PS i don't give up on relationship that easily, besides LOVE, I put food on the table, i provide security.
*
QUOTE(pumpkinn @ Apr 10 2008, 02:10 AM)
yes...i personally think she is not smart...but as a fren i cant say ' hey, just leave him!!!' for the 1st point, i am not thinking of something i donno...this is one of the ways to get herself well prepared to face anything which might be happened over there. anyhow, if she decided to go, she will be all alone over there. no frens, no relatives. and nobody can guarantee that the guy wont leave her if she goes.

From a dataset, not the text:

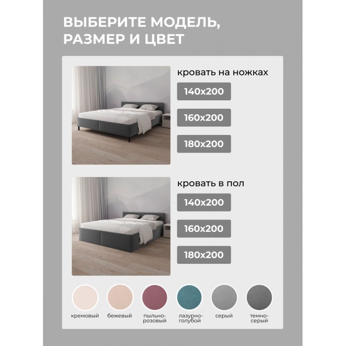 Обратите внимание: матрас приобретается отдельно. Это даёт вам свободу выбрать именно ту жёсткость и тип наполнителя, который подходит под ваши предпочтения. В нашем каталоге представлен широкий выбор качественных матрасов разных ценовых категорий.
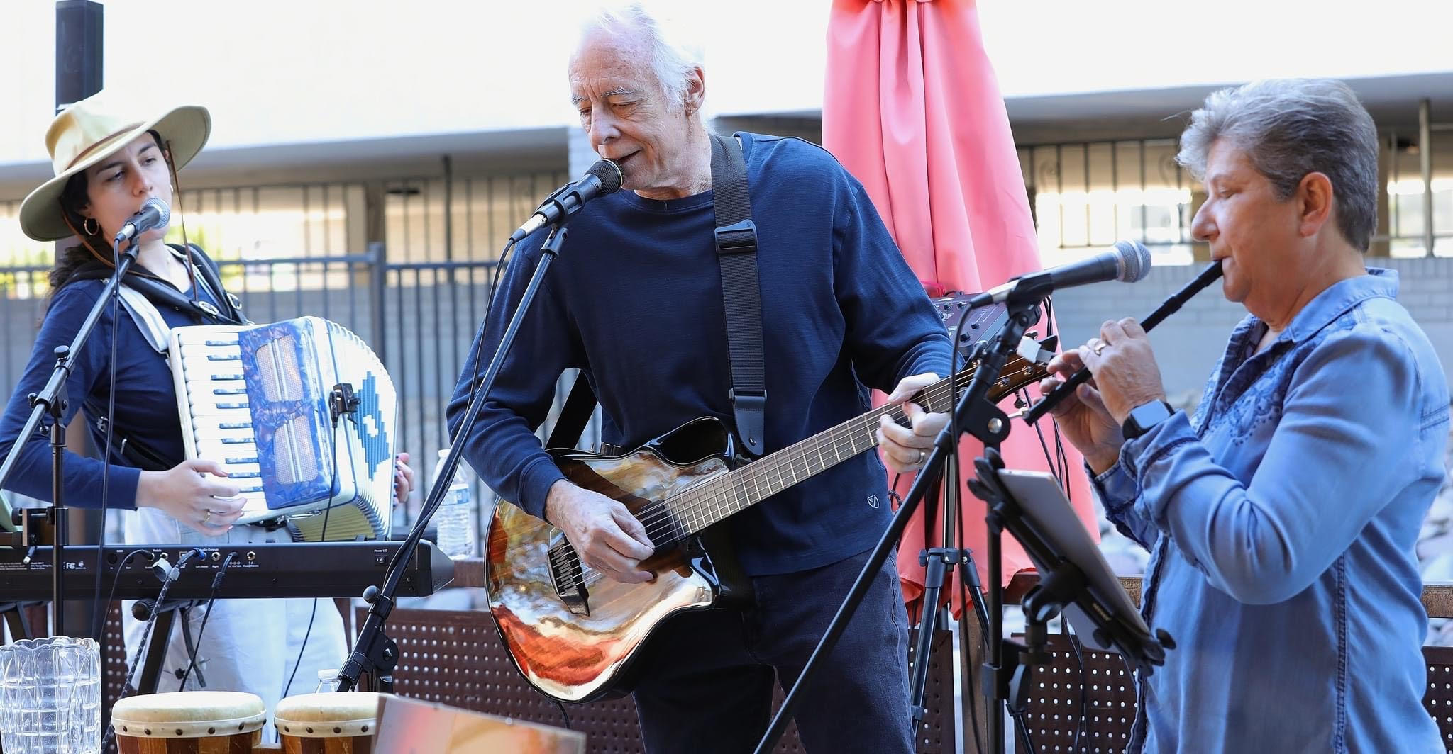 Long-John Jukebox is an eclectic band featuring Doug Long on lead acoustic guitar, John Diggs on acoustic guitar and vocals, Susan Schlappi on flute and vocals, and Eddie Jay on harmonica. With 60 years of musical experience each, Doug, John, and Susan have performed in bands across Phoenix, LA, and Shanghai. Eddie Jay, a mainstay in the local blues scene, rounds out the group. Together, they deliver a passionate mix of rock, country, folk, and blues tunes, captivating audiences with their seasoned and heartfelt performances.

Added on April 10, 2008, 2:12 am

yes agree!
*
As I've mentioned in most of my post. Your friend should know what she want. Can she live without the girl or not?

As a fren, we should support whatever her decision is coz even if you help her decide, it might not be the right thing. It is her life, she should make decision on your own.

Avex, it is not good to jump into a conclusion by saying the guy can't provide security for the girl. Within 3 yrs period, I am sure they've gone through a lot of memories together. We doesn't know the full story of this scenario. Therefore, I don't think any of us in the forum have the right to give her advice of what to do.

pumpkinn, when she first came to M'sia. I am sure she is her alone by herself too.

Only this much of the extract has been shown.